Je souhaite également aborder les budgets des trois circonscriptions de Wallis-et-Futuna, qui sont toujours à flux tendu et ne bénéficient d’aucune autre ressource que la DGF. Ne pourrait-on repenser la péréquation plus favorablement pour ces circonscriptions qui, je le rappelle, sont les seules à avoir la personnalité juridique puisque nos villages ne sont pas des communes ?

Enfin, permettez-moi d’évoquer le contrat de développement. Celui de 2007-2011 s’achève sur un bilan mitigé. Quelques départements ministériels, hélas ! semblent moins enclins que d’autres à déléguer les crédits que l’État s’est engagé à allouer.

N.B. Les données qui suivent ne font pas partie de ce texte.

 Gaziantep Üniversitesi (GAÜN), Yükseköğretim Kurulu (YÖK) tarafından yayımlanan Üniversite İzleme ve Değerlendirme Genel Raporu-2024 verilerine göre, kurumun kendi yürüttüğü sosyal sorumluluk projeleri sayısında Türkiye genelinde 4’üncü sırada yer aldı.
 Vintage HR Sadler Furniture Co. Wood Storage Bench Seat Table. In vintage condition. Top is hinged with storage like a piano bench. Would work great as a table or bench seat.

Ainsi, par exemple, les crédits prévus pour la protection du littoral, bien qu’ayant fait l’objet de demandes répétées, ne sont toujours pas arrivés. Pourriez-vous, madame la ministre, appuyer les démarches du territoire auprès de votre collègue ministre de l’écologie et du développement durable afin que les engagements de l’État soient tenus ? Autant nous pouvons comprendre les restrictions budgétaires, autant il n’est pas normal que les engagements antérieurs ne soient pas respectés.

Et puisque nous parlons du contrat de développement qui s’achève, je souhaite conclure en évoquant l’avenir, à savoir le contrat qui va démarrer. Je me réjouis des priorités qui sont établies. Je ne doute pas, madame la ministre, que votre visite à Wallis-et-Futuna, en juillet dernier, pour les cinquante ans du Territoire, vous a éclairée sur nos priorités.

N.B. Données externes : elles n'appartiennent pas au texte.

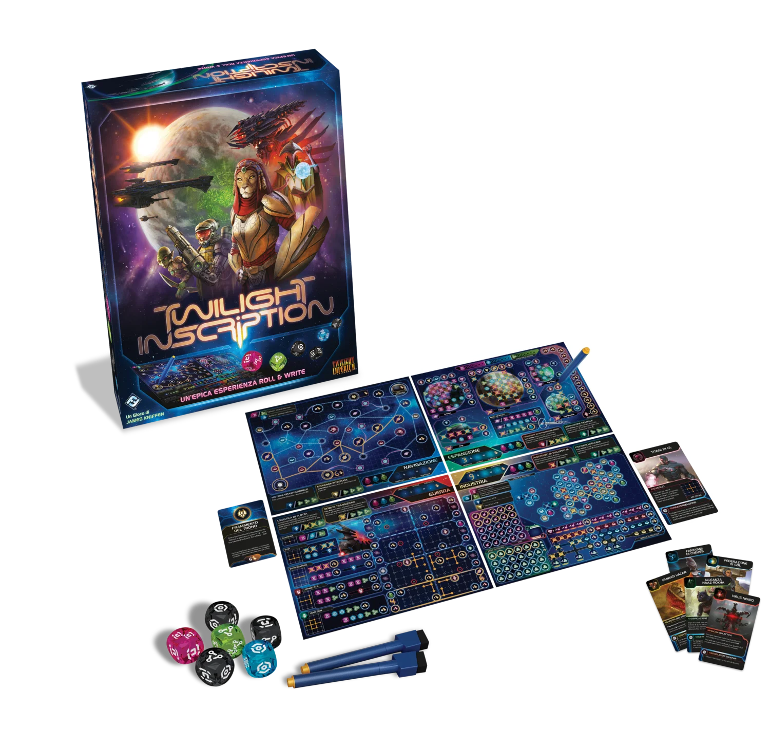 Un epico gioco roll & write nel leggendario universo di Twilight Imperium! Guidate la vostra fazione alla grandezza mentre esplorate la galassia, espandete la vostra influenza, sviluppate le infrastrutture e abbattete i vostri rivali.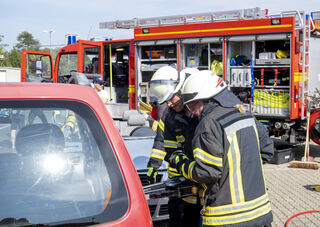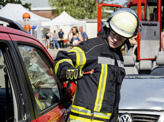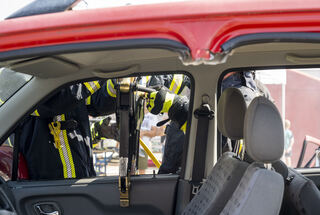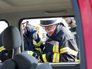 Wer möchte, kann sich mit der Rettungsschere unter fachkundiger Anleitung an einem Auto versuchen.

Vous avez reconnu que les billets d’avion des collectivités du Pacifique demeuraient trop chers, et vous avez souhaité que l’on puisse agir pour réduire l’écart avec les autres collectivités. L’inscription dans le nouveau contrat de développement, de la nécessité d’agrandir la piste de Futuna, de façon à pouvoir accueillir des avions en provenance de Fidji, me satisfait pleinement.

Voilà, madame la ministre, les quelques points que je souhaitais évoquer à la faveur de ce débat parlementaire sur la mission « Outre-mer », que je voterai bien entendu, en vous remerciant de votre action visant à défendre l’intérêt des ultra-marins dans cette période budgétaire difficile.